◆ SUPPLIED ENTRIES
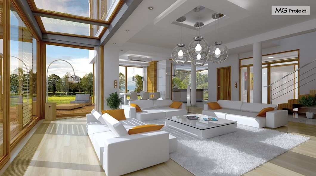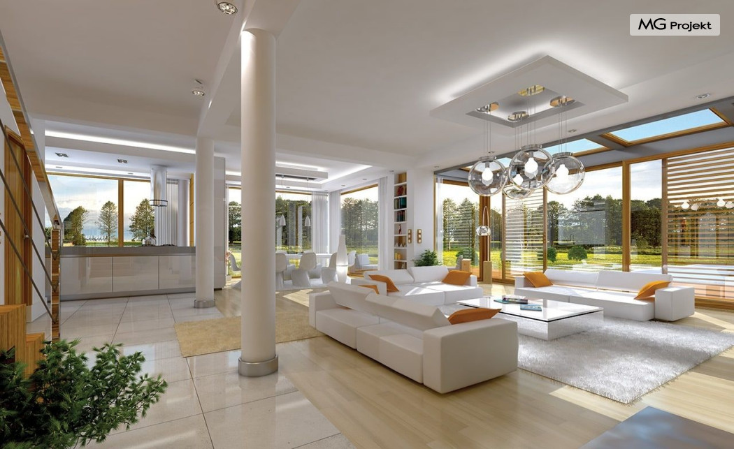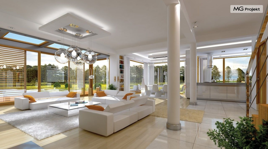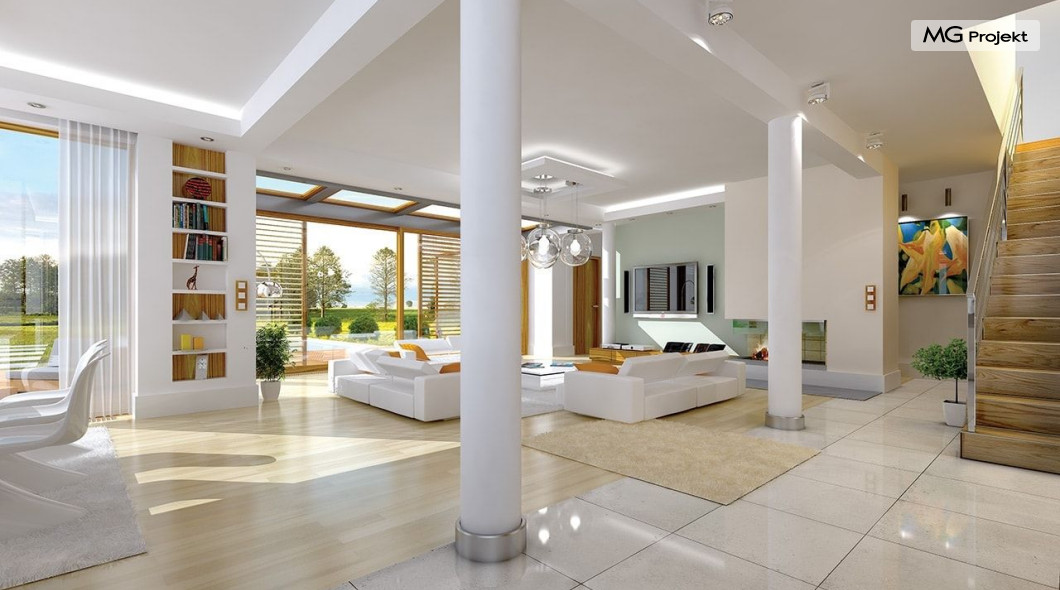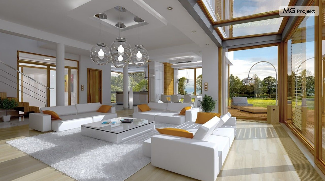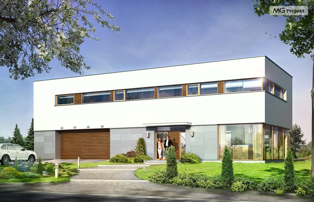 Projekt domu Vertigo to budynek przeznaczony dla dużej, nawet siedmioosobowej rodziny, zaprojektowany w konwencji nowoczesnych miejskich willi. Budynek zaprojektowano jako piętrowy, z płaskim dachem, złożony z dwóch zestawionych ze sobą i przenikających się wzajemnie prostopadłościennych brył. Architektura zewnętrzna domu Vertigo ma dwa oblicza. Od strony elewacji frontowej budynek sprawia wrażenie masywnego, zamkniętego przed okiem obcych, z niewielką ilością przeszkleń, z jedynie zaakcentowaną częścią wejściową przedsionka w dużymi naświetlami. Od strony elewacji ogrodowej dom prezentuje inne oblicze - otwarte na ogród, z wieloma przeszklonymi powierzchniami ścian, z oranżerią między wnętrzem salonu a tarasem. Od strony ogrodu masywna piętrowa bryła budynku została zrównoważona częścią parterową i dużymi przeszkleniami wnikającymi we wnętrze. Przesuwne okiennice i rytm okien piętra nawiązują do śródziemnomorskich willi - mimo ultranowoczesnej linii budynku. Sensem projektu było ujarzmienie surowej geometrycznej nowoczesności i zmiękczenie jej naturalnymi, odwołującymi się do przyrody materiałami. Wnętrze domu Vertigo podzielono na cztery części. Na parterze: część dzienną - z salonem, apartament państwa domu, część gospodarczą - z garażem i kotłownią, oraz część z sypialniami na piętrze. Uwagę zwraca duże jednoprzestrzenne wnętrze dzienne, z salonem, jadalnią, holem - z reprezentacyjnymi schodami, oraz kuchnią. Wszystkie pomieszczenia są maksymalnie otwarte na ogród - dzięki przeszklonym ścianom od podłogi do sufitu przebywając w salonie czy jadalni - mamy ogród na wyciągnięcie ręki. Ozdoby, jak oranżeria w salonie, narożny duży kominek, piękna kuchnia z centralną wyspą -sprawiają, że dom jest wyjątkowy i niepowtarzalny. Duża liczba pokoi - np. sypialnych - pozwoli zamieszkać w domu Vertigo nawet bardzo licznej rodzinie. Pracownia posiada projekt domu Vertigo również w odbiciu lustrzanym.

---

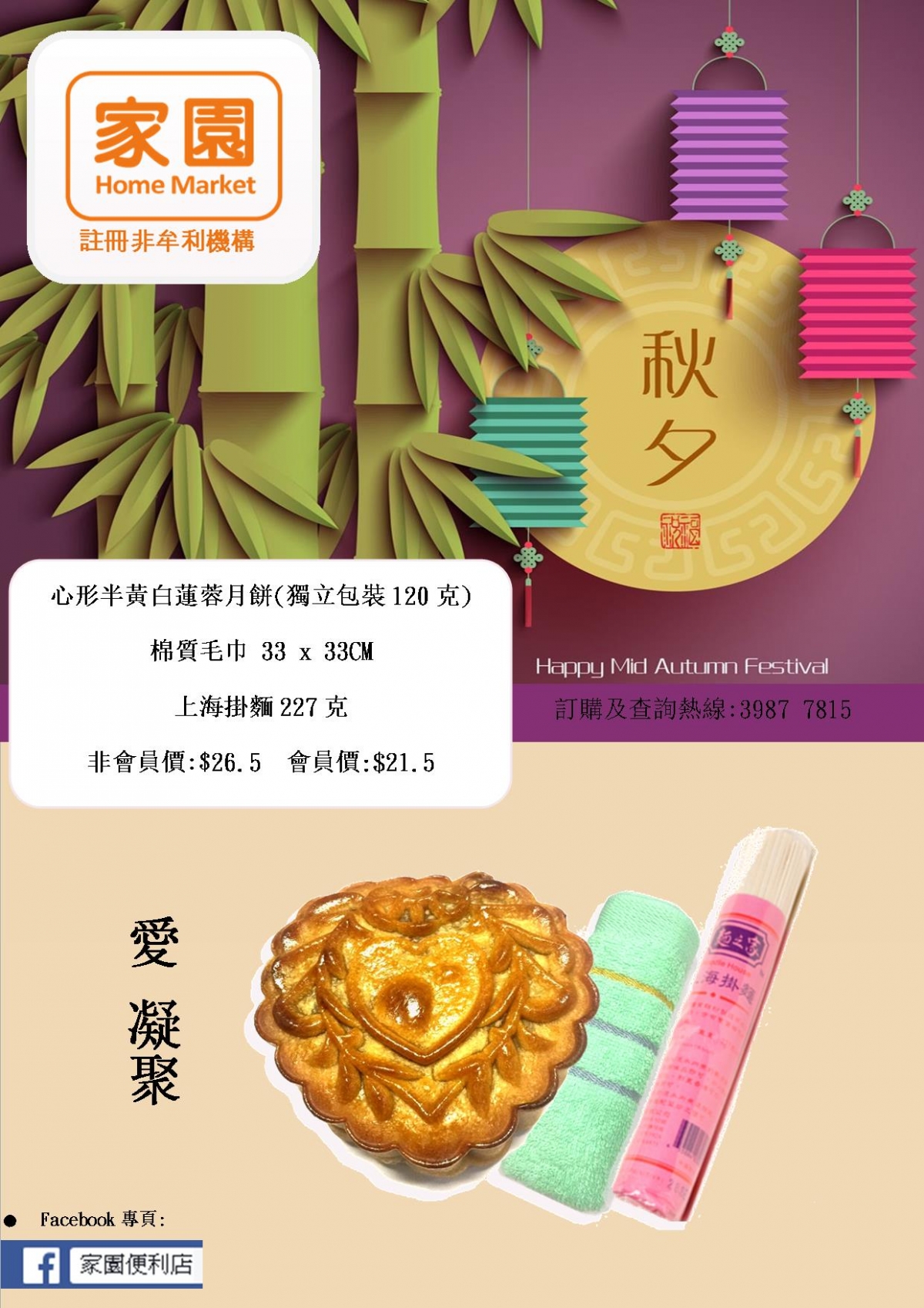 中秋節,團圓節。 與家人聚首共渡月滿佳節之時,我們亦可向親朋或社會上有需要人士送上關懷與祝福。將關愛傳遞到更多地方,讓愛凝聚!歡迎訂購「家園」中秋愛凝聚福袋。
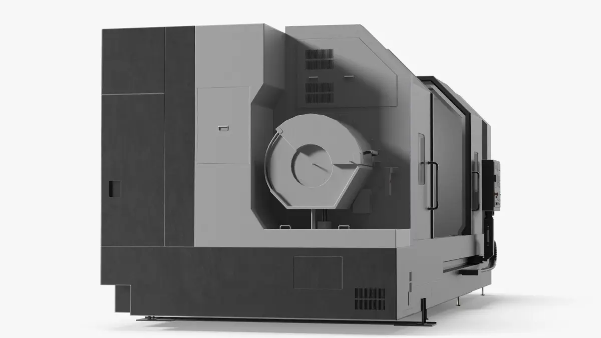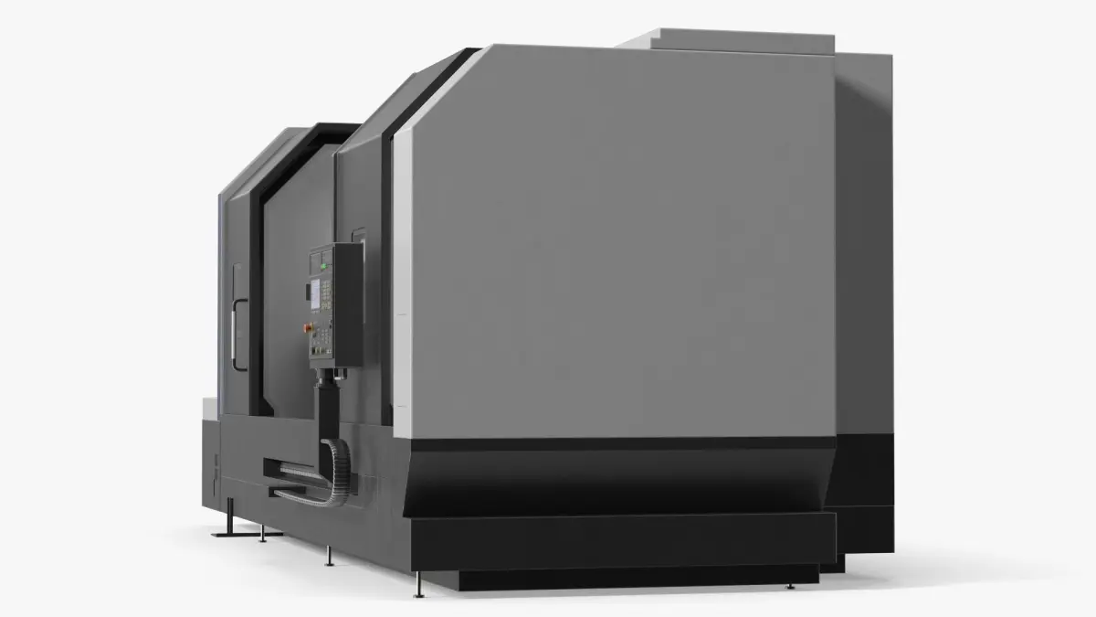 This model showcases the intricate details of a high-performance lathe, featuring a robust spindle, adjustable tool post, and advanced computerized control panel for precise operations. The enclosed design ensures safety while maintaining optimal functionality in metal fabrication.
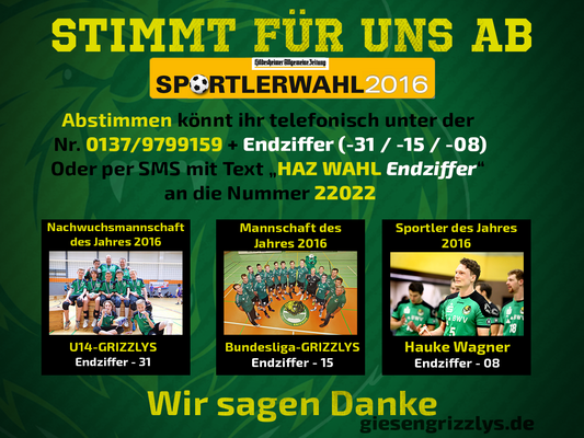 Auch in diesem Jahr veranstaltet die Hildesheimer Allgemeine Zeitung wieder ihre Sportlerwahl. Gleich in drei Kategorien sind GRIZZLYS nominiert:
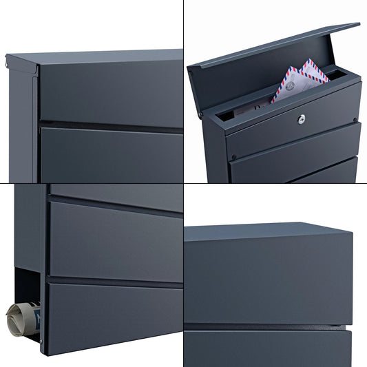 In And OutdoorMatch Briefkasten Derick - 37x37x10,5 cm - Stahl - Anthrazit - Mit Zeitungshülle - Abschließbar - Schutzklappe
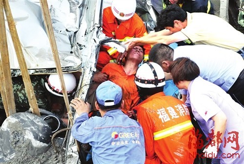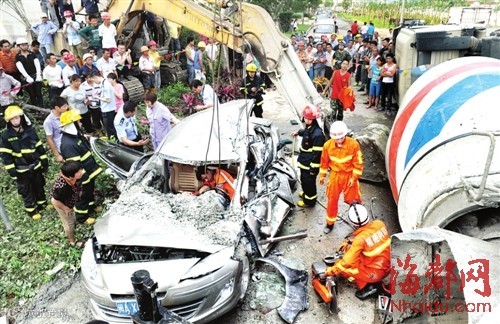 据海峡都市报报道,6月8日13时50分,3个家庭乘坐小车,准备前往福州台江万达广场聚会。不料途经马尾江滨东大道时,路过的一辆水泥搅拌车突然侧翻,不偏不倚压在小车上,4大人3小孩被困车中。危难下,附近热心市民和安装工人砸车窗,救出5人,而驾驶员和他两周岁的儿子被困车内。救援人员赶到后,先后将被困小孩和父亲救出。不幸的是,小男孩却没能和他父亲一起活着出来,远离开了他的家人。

--

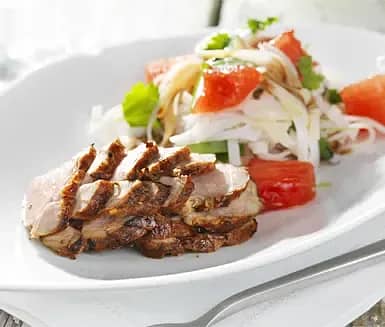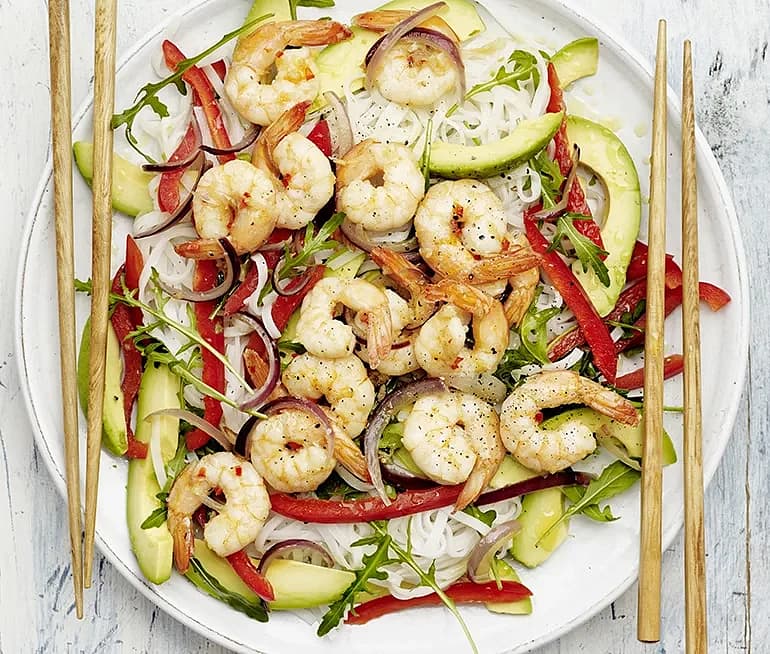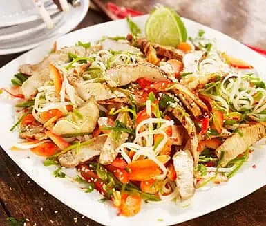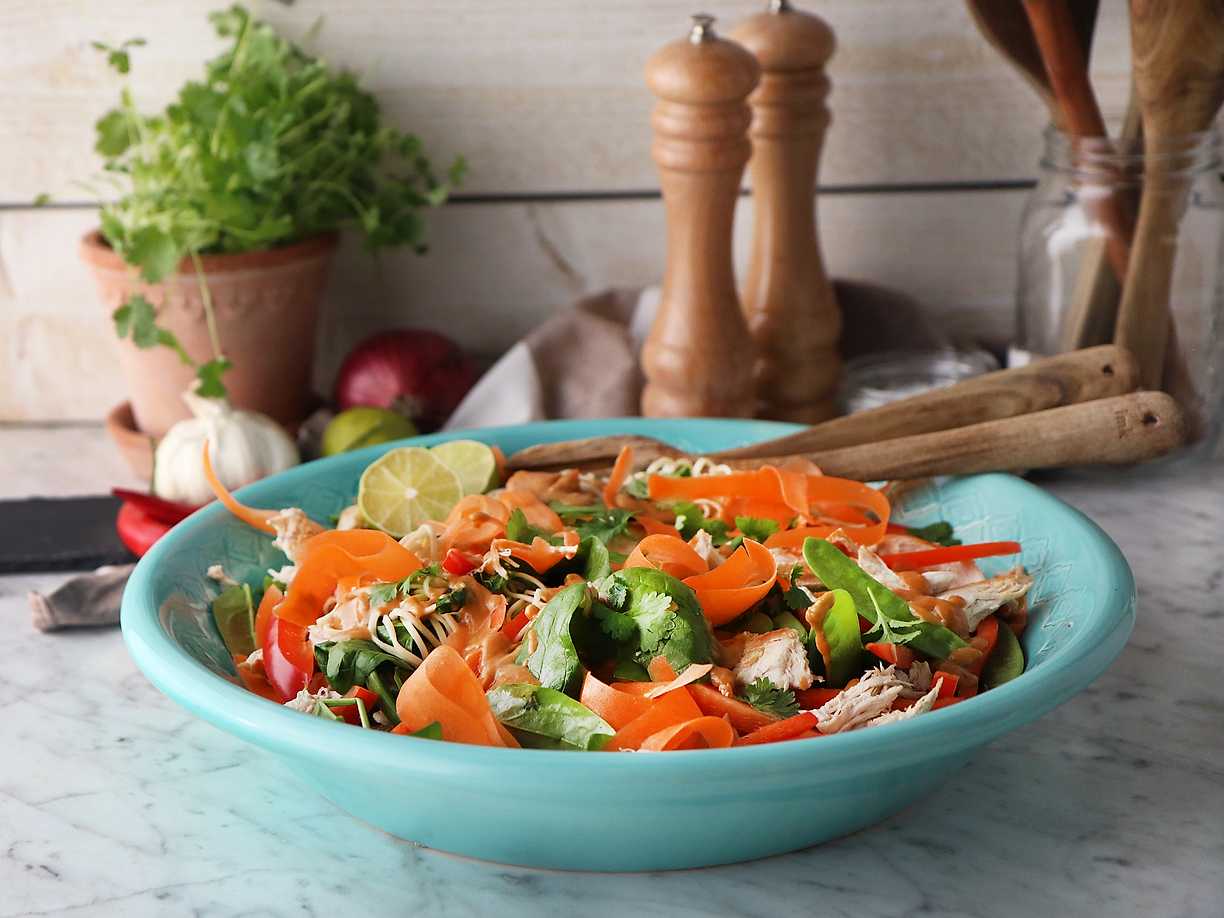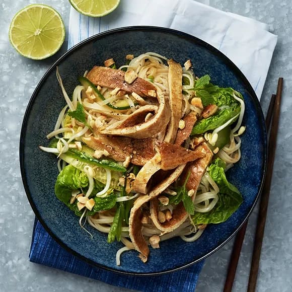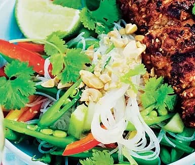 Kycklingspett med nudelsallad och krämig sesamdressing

◆ WORK ORDER
The answer must be the lines above from the one containing "中秋節,團圓節。 與家人聚首" through the one containing "Auch in diesem", reproduced exactly, with no pictures and nothing else.

◆ COMPLETED TASK
 中秋節,團圓節。 與家人聚首共渡月滿佳節之時,我們亦可向親朋或社會上有需要人士送上關懷與祝福。將關愛傳遞到更多地方,讓愛凝聚!歡迎訂購「家園」中秋愛凝聚福袋。
 This model showcases the intricate details of a high-performance lathe, featuring a robust spindle, adjustable tool post, and advanced computerized control panel for precise operations. The enclosed design ensures safety while maintaining optimal functionality in metal fabrication.
 Auch in diesem Jahr veranstaltet die Hildesheimer Allgemeine Zeitung wieder ihre Sportlerwahl. Gleich in drei Kategorien sind GRIZZLYS nominiert:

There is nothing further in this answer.